Alors qu’aucune initiative de ce genre n’existe dans le pays, ils militent pour que ce lieu emblématique de l’histoire du pays ne soit pas oublié : «Malheureusement, le patrimoine industriel est souvent le parent pauvre des politiques culturelles. C’est le cas au Luxembourg : difficile de réhabiliter des usines en ruine qui portent encore les stigmates des luttes ouvrières perdues, qui sont associées à la pollution, etc. Et il ne suffit pas de les sauvegarder, il faut en faire quelque chose, imaginer de nouveaux usages.»
Alors que ces friches sont vouées à la démolition pour laisser place au futur quartier Neischmelz, le DKollektiv a récemment lancé une «rénovation participative» du bâtiment Vestiaires-wagonnage ou «Schmelzkéis» qui pourra lui servir de pied-à-terre durable et pérenniser son implantation au cœur du nouveau quartier.
Dans la même veine, Michel Feinen lance le FerroForum en 2019, projet en faveur de la création d’un «Centre du savoir-fer» qui soit lieu à la fois de rencontre, de documentation et de création, sur le site d’Esch/Schifflange cette fois. Une vision contemporaine des lieux sidérurgiques du passé qui tranche par rapport à l’approche classique qui consiste à en faire des musées : «Si on veut défendre et réintégrer ce patrimoine dans de nouveaux quartiers, il faut une mixité, des échanges, des activités qui soient tournées vers le voisinage. C’est ça le FerroForum : un lieu vivant, où on peut discuter, expérimenter, construire», insiste-t-il.
Pas comme à Belval où, selon lui, «les hauts-fourneaux servent de monument dans la cité, mais où il n’y a pas de lieu dédié au patrimoine vivant de la métallurgie, qui montre les métiers et le développement des technologies, allant des bas-fourneaux des Celtes jusqu’à l’impression de l’acier en 3D. C’est ce qu’on tente de faire ici.»

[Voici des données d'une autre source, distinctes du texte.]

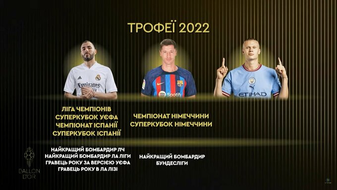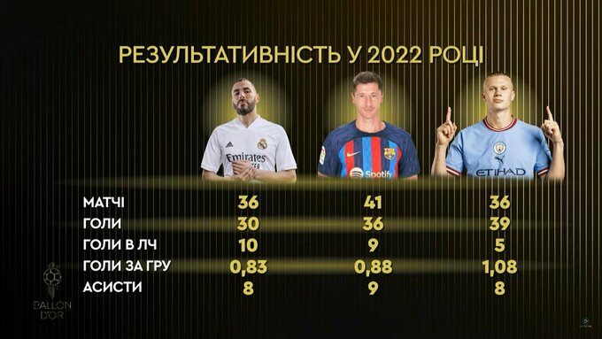 Фаворитами на отримання Золотого м'яча є Карім Бензема (Франція, Реал), Ерлінг Холанд (Норвегія, Ман Сіті), Кіліан Мбаппе (Франція, ПСЖ).
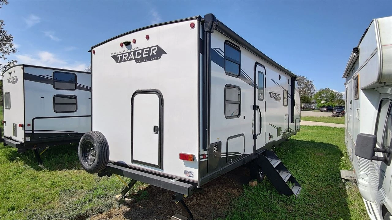 НОВА КАРАВАНА PRIME TIME, МОДЕЛ TRACER25BHS - 60000EUR без ДДС - дължина 9м; - 6 места за спане; - стени и таван - изцяло алуминиева, двойно заварена конструкция с изолация от полистирен. Външно и вътрешно покритие от фибростъкло; - слайд за дневна; - ел.

En attendant l’année culturelle 2022 et la concrétisation des nombreux projets imaginés par l’équipe du FerroForum, le public peut déjà en avoir un aperçu en participant à l’un des tours guidés proposés une fois par mois jusqu’en septembre. Au programme, quatre heures de balade passionnante à travers les décors rouillés de l’usine d’Esch/Schifflange, indications techniques et récits historiques inclus.

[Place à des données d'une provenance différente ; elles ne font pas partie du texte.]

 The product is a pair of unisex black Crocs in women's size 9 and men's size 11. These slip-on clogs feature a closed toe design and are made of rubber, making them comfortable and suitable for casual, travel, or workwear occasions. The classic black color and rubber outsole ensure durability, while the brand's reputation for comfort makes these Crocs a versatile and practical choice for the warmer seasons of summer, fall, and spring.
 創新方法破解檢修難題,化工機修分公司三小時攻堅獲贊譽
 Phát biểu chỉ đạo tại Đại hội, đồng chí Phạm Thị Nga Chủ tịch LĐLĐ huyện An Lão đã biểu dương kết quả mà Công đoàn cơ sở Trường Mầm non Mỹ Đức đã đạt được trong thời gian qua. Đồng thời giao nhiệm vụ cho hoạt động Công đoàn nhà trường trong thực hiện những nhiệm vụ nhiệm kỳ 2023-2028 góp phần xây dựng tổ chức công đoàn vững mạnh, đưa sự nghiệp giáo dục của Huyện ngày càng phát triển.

Pour commander le livre, s’inscrire à l’un des tours guidés à venir ou devenir bénévole, connectez-vous sur ferroforum.lu
La recette du «brustulin» de nonna Dina
Parmi les recettes familiales ou insolites figurant dans le livre Gudden Appetit, voici celle des boules de polenta fourrées au gorgonzola de Dina Beacco, la grand-mère de Luisa, l’une des contributrices. Appelée «brustulin», cette spécialité est presque exclusivement localisée dans les villages de la commune de Tramonti di Sotto (nord-est de l’Italie). Son nom vient du dialecte frioulan et du verbe «abbrustolire», qui signifie griller.
Pour quatre boules, vous aurez besoin d’une polenta, réalisée selon la préparation de base, et de 180 grammes de gorgonzola. Avant de démouler votre polenta, à la fin de la cuisson, prélevez une bonne dose de polenta chaude, de la taille d’un poing. Aplatissez un peu et placez 45 grammes de fromage au milieu. Refermez en façonnant une belle boule. Répétez trois fois.
Dans une poêle chaude avec un peu de beurre, placez les boules de polenta et faites griller jusqu’à l’apparition d’une belle croûte dorée (environ 10 minutes). C’est prêt! Savourez votre «brustulin» en l’ouvrant en deux, accompagné d’un mesclun et d’un verre de merlot.
Luisa se souvient de sa nonna manipulant la polenta brûlante sans ciller, avant de disposer les boules sur la plaque en fonte de la cuisinière à bois où elles étaient retournées régulièrement jusqu’à ce que le fromage à l’intérieur soit fondu. Elle utilisait du Montasio, un fromage typique frioulan.